In a big query, I have an export of search console data landing into a table daily. This is done by Google and can happen at any time of the day. I then run a query to enrich and format the data into another table for use in Data Studio.
I'd like to know the best way to trigger the query every time this table is updated.
Scheduled queries do work. However, there is some uncertainty/no fallback if the daily export didn't land in time. Ideally, I'd like it if when the data lands in the raw dataset, it would then trigger the job to run.
There are a few options for this use case.
Depending on how complex the enrichment process is, a Materialized View could be suitable for you. This differs from a regular View in that the View Definition is executed whenever the source table data changes and the output is stored (contrast a standard View, which is really a saved query masquerading as a table). This ensures you have up to date data available.
Materialized Views are not always suitable.

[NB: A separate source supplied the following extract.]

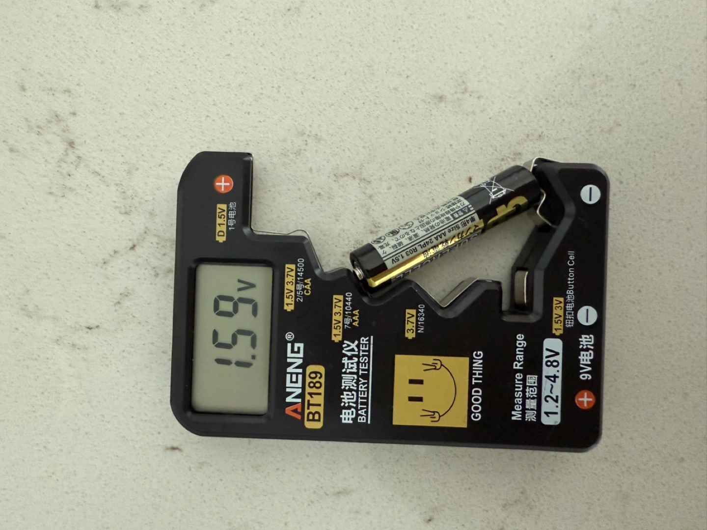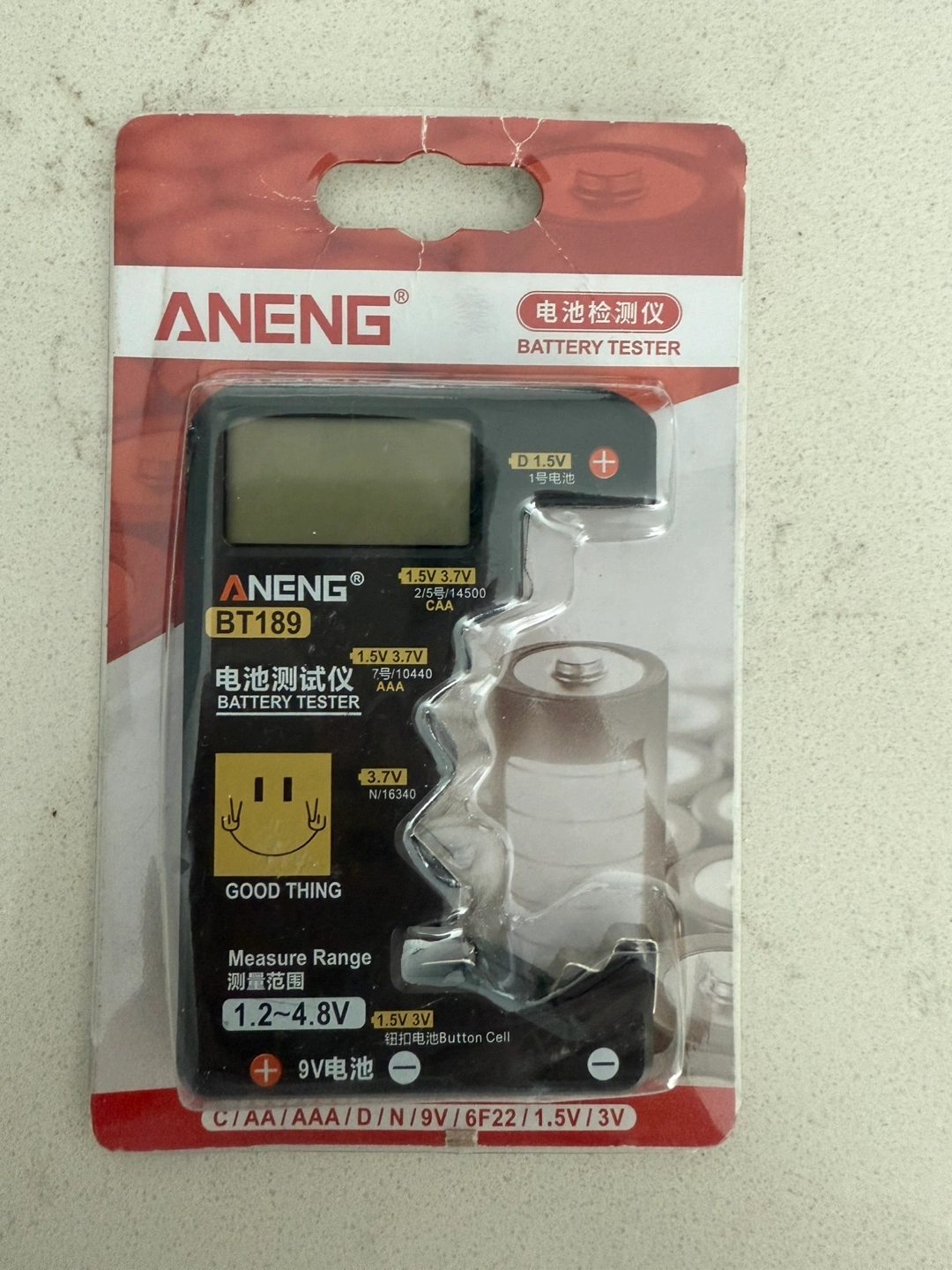 Compact battery tester. Measures 1.2-4.8V. Tests various battery types. Digital display. Handy device.

It's a common use case to need to execute a series of transformations on source data to prepare (model) it for use in BI tools; DBT is a popular tool for capturing the dependencies of these transformations and running them all in sequence.
This isn't a complete solution for you in and of itself because it's not going to watch and wait for source data to 'land'. However, DBT runs can be triggered by API. One pattern I've seen is to have the task that updates the source data finish by triggering the DBT run (tools such as Apache Airflow can make this sort of thing easy enough).
If you query the INFORMATION_SCHEMA
you can find out when a certain table last updated. It should be very cheap to run such a query regularly. You could imagine a little Python script running on a short schedule that checks this regularly and, if it ever detects an update since the last run, executes your desired update query in addition.